An Index is a collection of documents stored with vector embeddings for semantic search.

# Index documents via API
await store.index(
    index_name="knowledge_base",
    entity_id="doc_123",
    text="Fabra is a feature store and context store...",
    metadata={"source": "docs", "version": "1.2.0"}
)

Or via HTTP:

curl -X POST http://localhost:8000/ingest/document \
  -H "Content-Type: application/json" \
  -d '{
    "index_name": "knowledge_base",
    "entity_id": "doc_123",
    "text": "Fabra is a feature store...",
    "metadata": {"source": "docs"}
  }'

Automatic Features:

  • Chunking: Documents are split using tiktoken (default: 512 tokens per chunk).
  • Embedding: Chunks are embedded using OpenAI or Cohere (configurable).
  • Storage: Embeddings stored in Postgres with pgvector extension.

Management via CLI:

# Manually create an index
fabra index create knowledge_base --dimension 1536

# Check index status
fabra index status knowledge_base
# Output: Index: knowledge_base | Rows: 1542

2. Retrievers

A Retriever performs vector search and returns relevant documents.

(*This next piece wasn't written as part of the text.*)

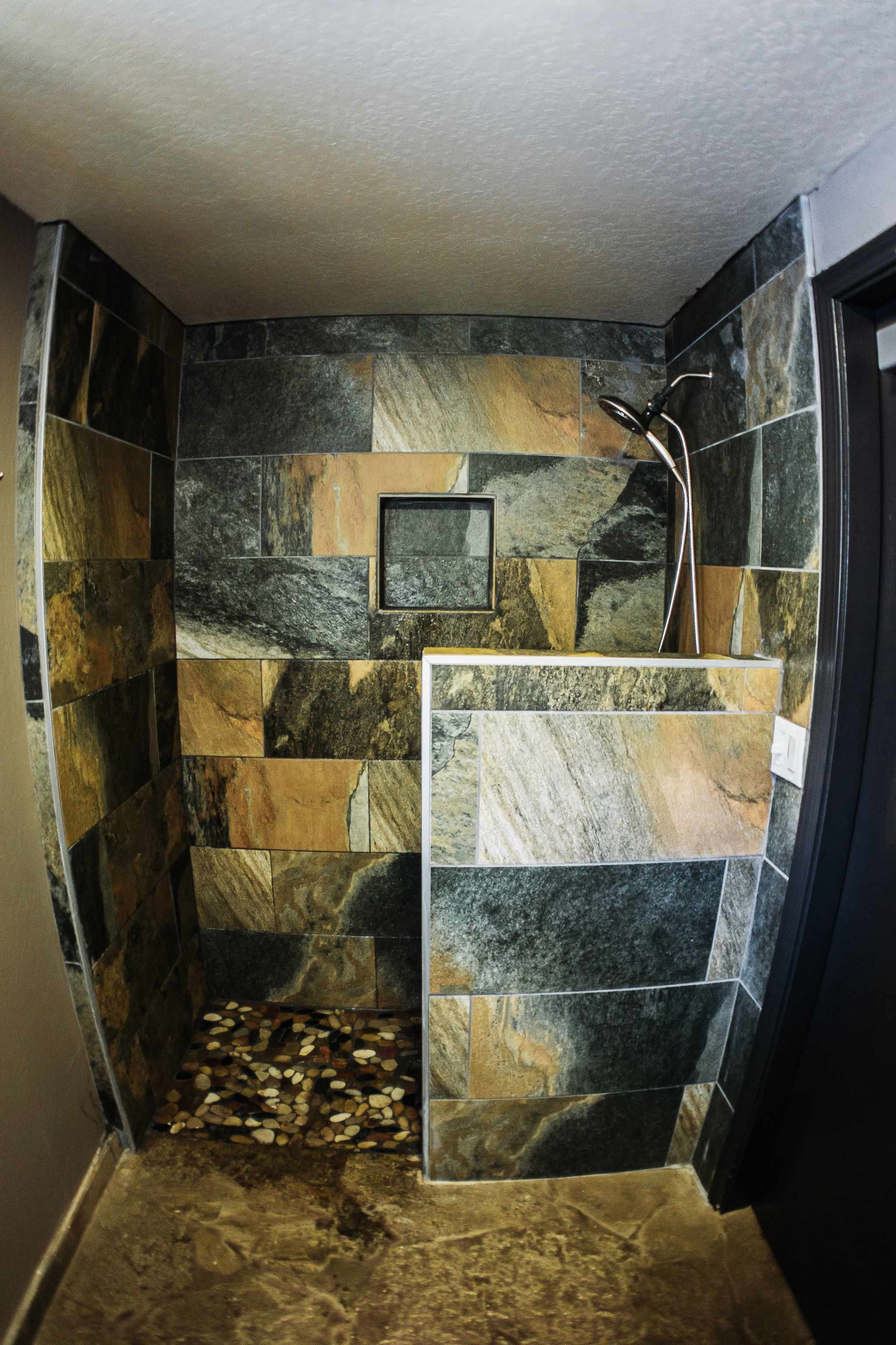 • Bedroom 1: King bed, small flat-screen TV, ensuite bathroom with standalone walk-in shower and large vanity
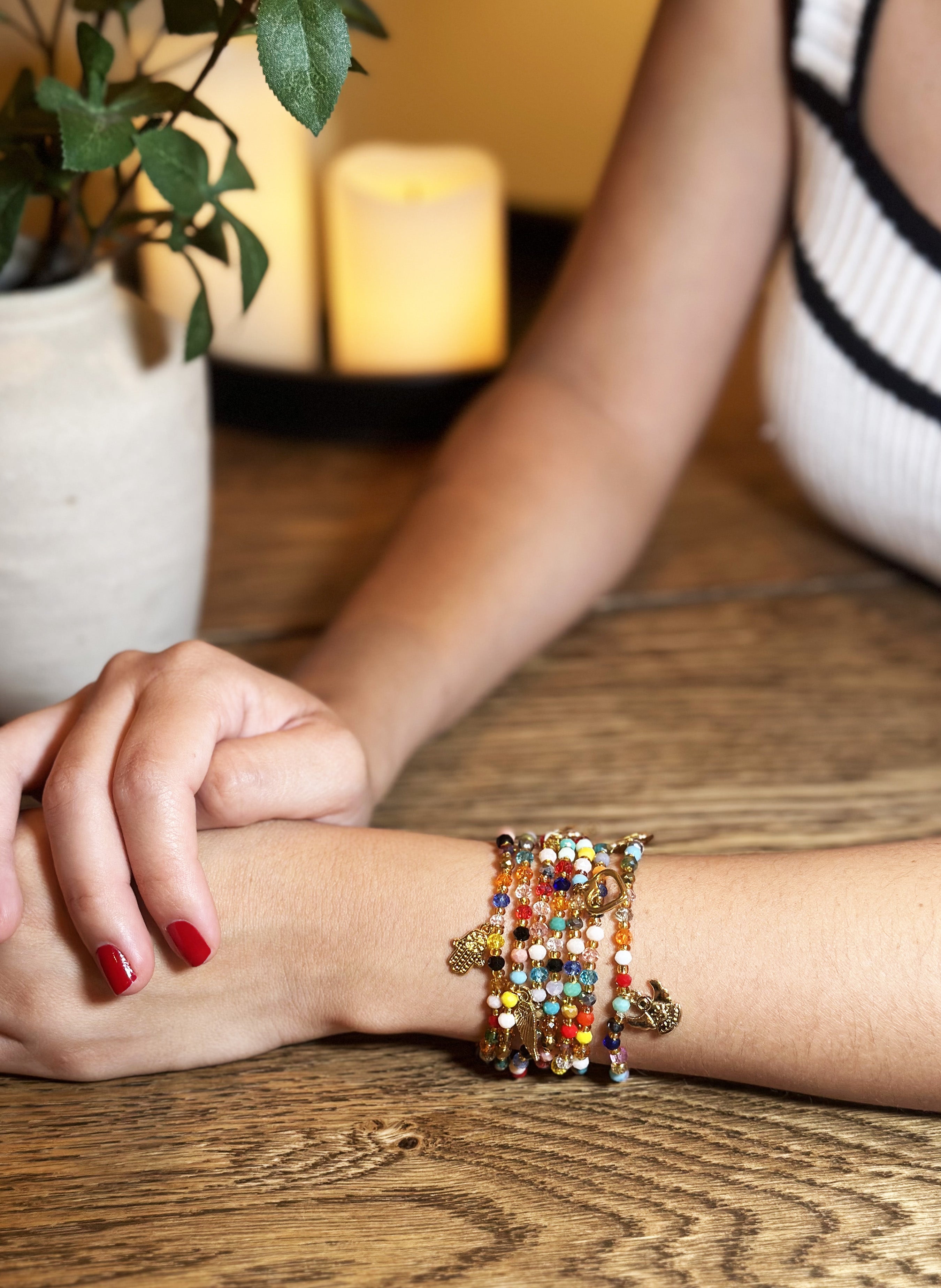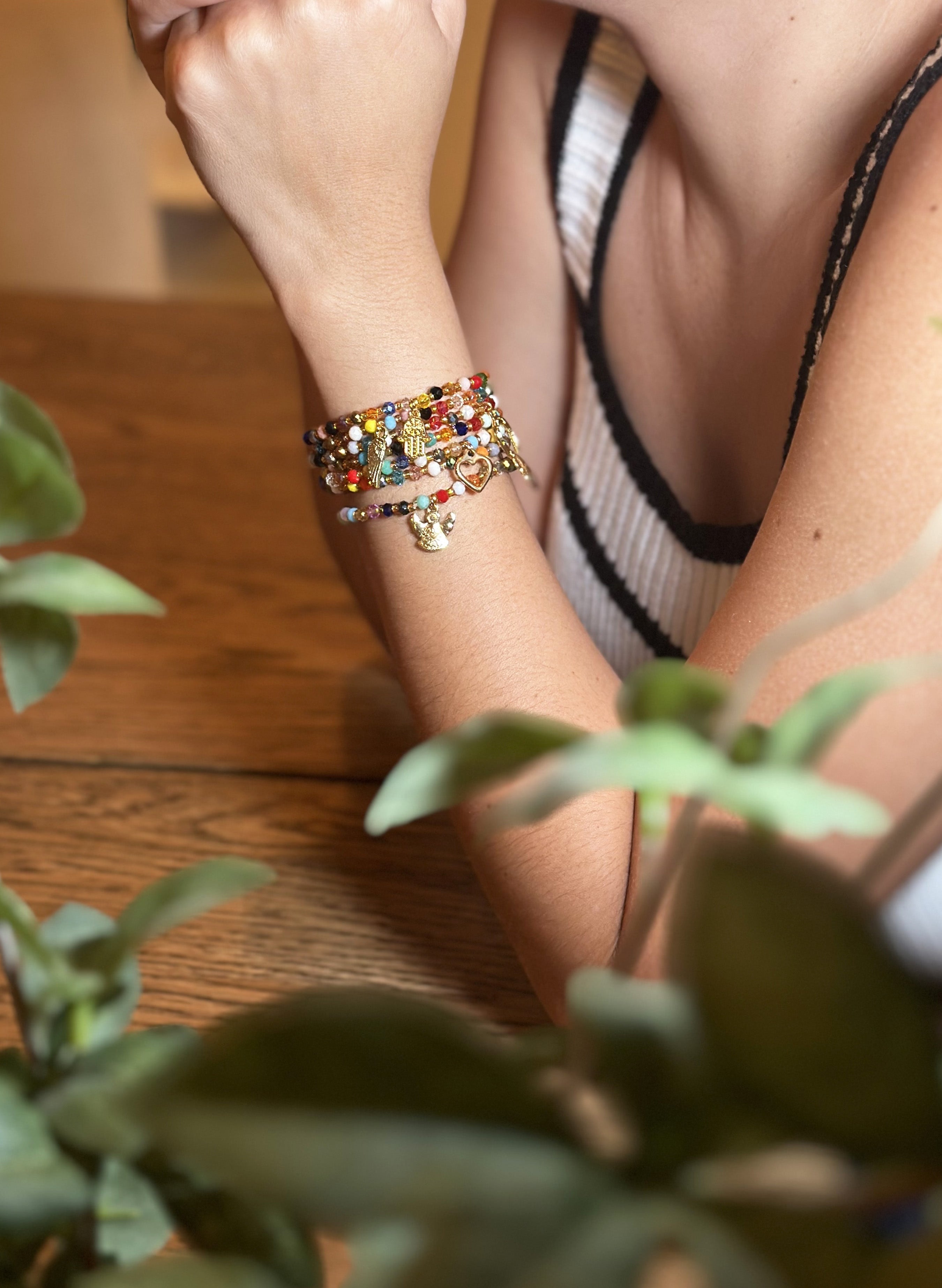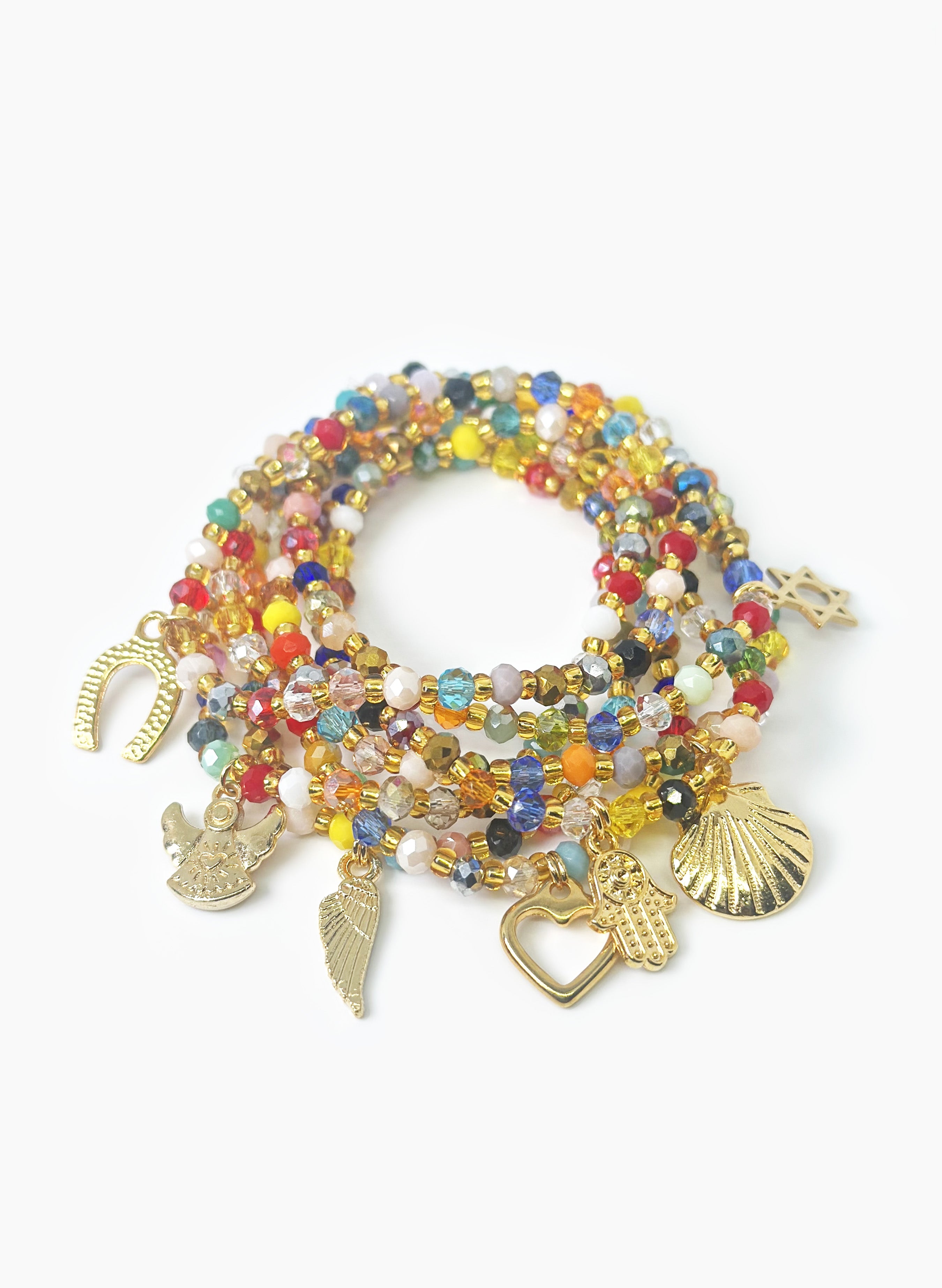 Set de 7 pulseras elásticas hechas a mano en cristales y mostacilla doradas con dijes rodinados con baño en oro de 24 kilates

from fabra.retrieval import retriever

@retriever(index="knowledge_base", cache_ttl=300)
async def search_docs(query: str):
    # "Magic Wiring": Setting `index` connects this function directly
    # to the vector store. No body implementation needed!
    pass

Parameters:

  • cache_ttl: Seconds to cache results (default: 0, no caching).

Learn more about Retrievers →

3. Context Assembly

A Context combines multiple sources under a token budget.

from fabra.context import context, ContextItem

@context(store, max_tokens=4000)
async def chat_context(user_id: str, query: str) -> list[ContextItem]:
    # Fetch from multiple sources
    docs = await search_docs(query)
    history = await get_chat_history(user_id)

    return [
        ContextItem(content=system_prompt, priority=0, required=True),
        ContextItem(content=str(docs), priority=1, required=True),
        ContextItem(content=history, priority=2),  # Truncated first if over budget
    ]

Example: Multiple Retrievers

@retriever(name="products_search")
async def search_products(query: str) -> list[str]:
    # Implement product search logic here
    return []

@retriever(name="tickets_search")
async def search_tickets(query: str) -> list[str]:
    # Implement ticket search logic here
    return []

# Combine in context assembly
@context(store, max_tokens=4000)
async def support_context(query: str) -> list[ContextItem]:
    products = await search_products(query)
    tickets = await search_tickets(query)
    return [
        ContextItem(content=str(products), priority=1),
        ContextItem(content=str(tickets), priority=2),
    ]

Priority-Based Truncation:

  • Items sorted by priority (0 = highest priority, kept first).
  • Lower-priority items truncated when budget exceeded.
  • required=True items raise ContextBudgetError (or return partial context with warning) if they can't fit.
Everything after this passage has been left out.